Setting OKRs and never scoring them. The discipline of OKRs comes from the regular review — checking whether key results are moving in the right direction and scoring them honestly at the end of the cycle. Without the review cadence, OKRs decay into a forgotten slide.
Tying it to SOC maturity
The reason this matters for service quality is that a SOC improves in deliberate steps, not by accident. Maturity models such as the SOC-CMM exist precisely to assess where a SOC stands across people, process, technology, and services, and to build improvement plans from the gaps they expose. That assessment is a natural OKR engine: the maturity gap defines the objective, the model’s measurable dimensions become key results, and the everyday KPIs confirm the gains stuck once the quarter closed.
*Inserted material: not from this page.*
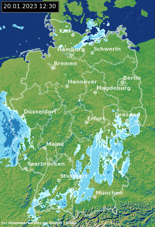 Niederschlagsradar 20.01.2023 (Stand 12:42 Uhr)
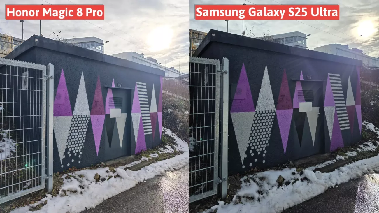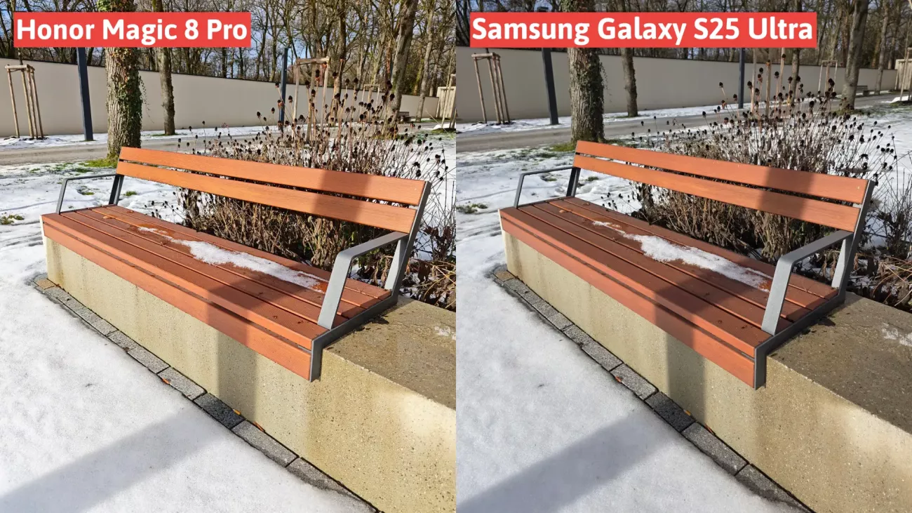Fotografie pořizované za dne vypadají skvěle. Honor Magic8 Pro produkuje snímky s velmi pěknými barvami a prokreslenými detaily. Ve srovnání s vlajkovou lodí Samsung S25 Ultra opět nabízí poněkud větší dynamický rozsah. Magic8 Pro dokáže lépe prosvítit tmavé části scény, takže je zobrazuje více detailů a struktur, na druhou stranu je ale daní za celkově příliš intenzivní světlost občasný nedostatek kontrastu.

KPIs tell you whether today’s service is healthy; OKRs, anchored to a maturity assessment, tell you whether the service is getting better on purpose.
The bottom line
A SOC manager who only watches KPIs will keep a steady service but rarely transform it — the dashboard is green and the SOC stays exactly as good as it was last year. A manager who only chases OKRs may push ambitious change while losing sight of whether the day-to-day service is healthy. The mature move is to run both: KPIs as the continuous vital signs of the live operation, OKRs as the quarterly engine of deliberate improvement, with your strongest KPIs graduating into key results whenever you decide it is time to move a number, not just watch it.